My theory is that it is generally a poor idea* to invest in GIC regardless of the rate of return *unless you can expect the rates to go down in the future*.



*if your idea of investing is growing your money. If, to you, investing means preserving capital (!=purchasing power), GICs are a great idea.


----------



## brad (May 22, 2009)

Yes, I hope nobody considers GICs "investment" vehicles. They're really a form of savings. Some people with very low risk tolerance are perfectly content with the idea that their GICs will lose purchasing power over time due to inflation; they prefer the certainty that they will lose a relatively predictable amount of buying power over the uncertainty that they might lose a significant portion of their capital if they invest in equities or bonds.


----------



## Guigz (Oct 28, 2010)

Ok, so I found an interesting study looking at GICs and taxable versus non taxable accounts:

http://www.google.ca/url?sa=t&rct=j...WLnJuhbBZo7weY3PwTgKQ&bvm=bv.1355534169,d.dmQ

They conclude that, GICs, in aggregate, can serve a purpose if kept in long maturities, in the long term if they are held in non taxable accounts. They also conclude that, when held in taxable accounts they are : "...a sure way to destroy long-term wealth". Not too rosy!:hopelessness:


----------



## brad (May 22, 2009)

Guigz said:


> They also conclude that, when held in taxable accounts they are : "...a sure way to destroy long-term wealth". Not too rosy!


This certainty is part of what makes them appeal to the risk-averse. Uncertainty is a key component of risk; if you have a certain outcome there is no risk, even if paradoxically this means you end up losing money. For the risk averse, the cost in terms of lost buying power is the price they are willing to pay for certainty. And there are people who've argued forcefully that some of the impacts of inflation on future buying power can be avoided through changes in purchasing habits (read "Your Money or Your Life" for example).

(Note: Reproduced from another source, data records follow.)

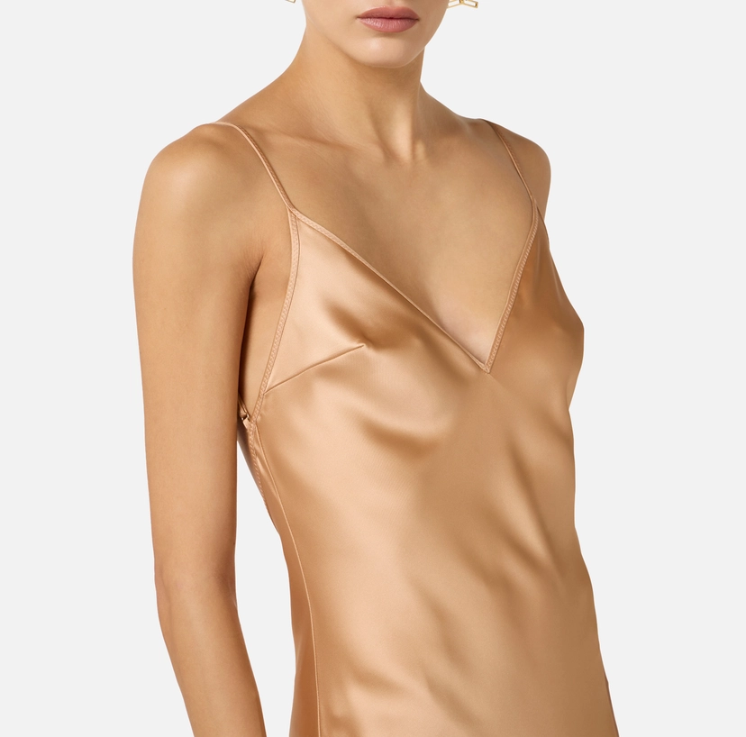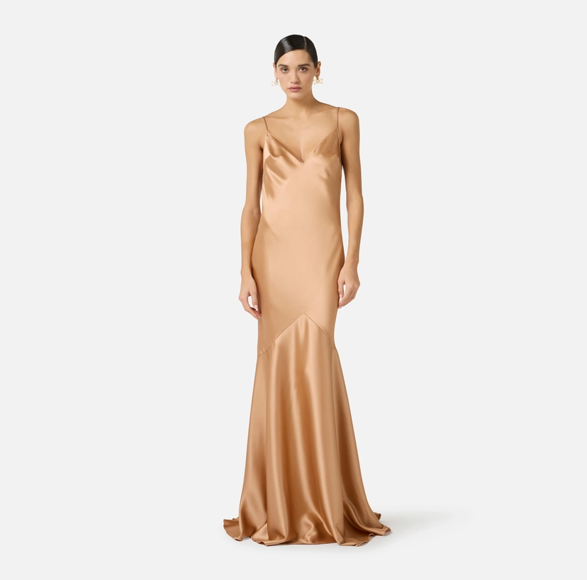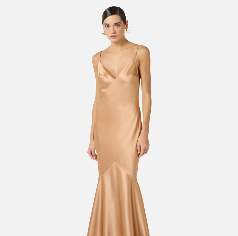 Abito da sera in raso dalla vestibilità slim. Il vestito ha spalline sottili e scollo a triangolo. Si distingue per il taglio al fondo gonna che esalta il volume del capo, regalando un andamento sinuoso.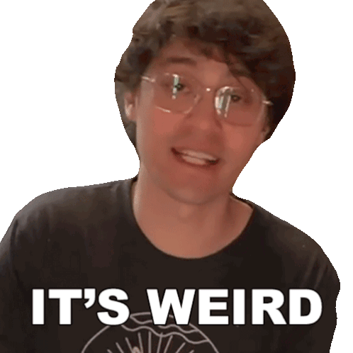 Agufish, a man wearing glasses, looks at the camera with 'IT'S WEIRD' written on his black t-shirt.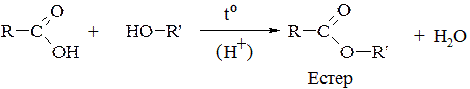 3. Естерифікація – утворення складних ефірів (естерів) при взаємодії спиртів з органічними кислотами: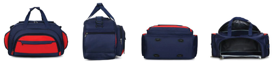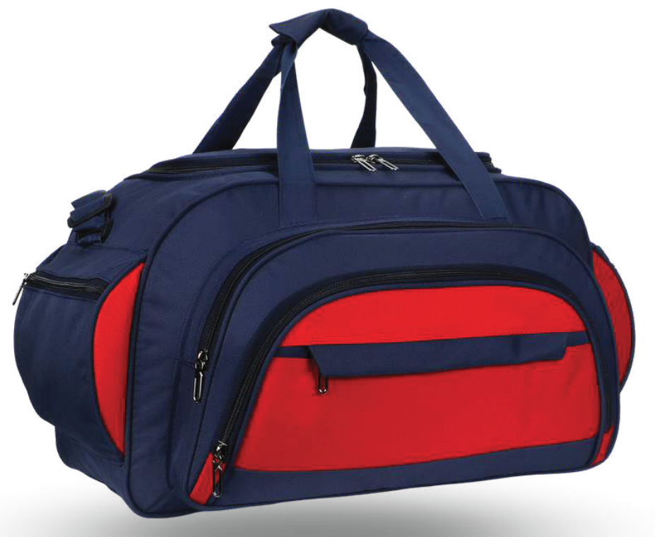 This duffle bag features a durable navy blue and red color block design, perfect for travel or gym use. It offers ample storage with multiple zippered compartments and comfortable carrying handles.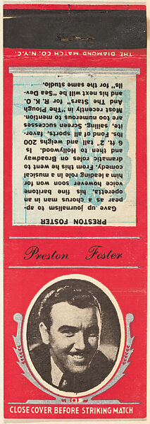 - Title: Preston Foster from Movie Stars Match Cover design series (U21) issued by Diamond Match Company

I'm not a big fan of GICs myself and they account for less than 1% of my portfolio right now; I'm just pointing out that some people have done just fine, by their standards, with GICs. If you have a really big nest egg and are interested in preserving most of your capital, and unconcerned about the impact of inflation and loss of buying power, GICs can be okay. Right now of course you can find HISAs with rates equivalent to those of 5-year GICs so I'm not really sure why one would want to buy a GIC today.


----------



## Guigz (Oct 28, 2010)

brad said:


> If you have a really big nest egg and are interested in preserving most of your capital, and unconcerned about the impact of inflation and loss of buying power, GICs can be okay.


This must be a very limited segment of the population. :biggrin:

I agree that very risk averse people might be perfectly fine with "only" preserving their capital. 

Older people that want to leave an inheritance spring to mind.

Either way, I am agreeing with you.


----------



## the-royal-mail (Dec 11, 2009)

Why are you opposed to GICs? The rates are similar to what you get in HISA and TFSA cash balance. Govt has been keeping interest rates low to pump up the RE market. I keep my cash in HISA and TFSA for flexibility but I know 1-2% is the going rate and am fine with that for my emergency savings.


----------



## stardancer (Apr 26, 2009)

One reason I have used GICs in the past was to lock in a set amount for a year because something specific was coming up. That way I didn't dip into and spend some/all of the $$. When you are raising a family, something always comes up and if I didn't lock the $$ away, they wouldn't be there to pay the bill.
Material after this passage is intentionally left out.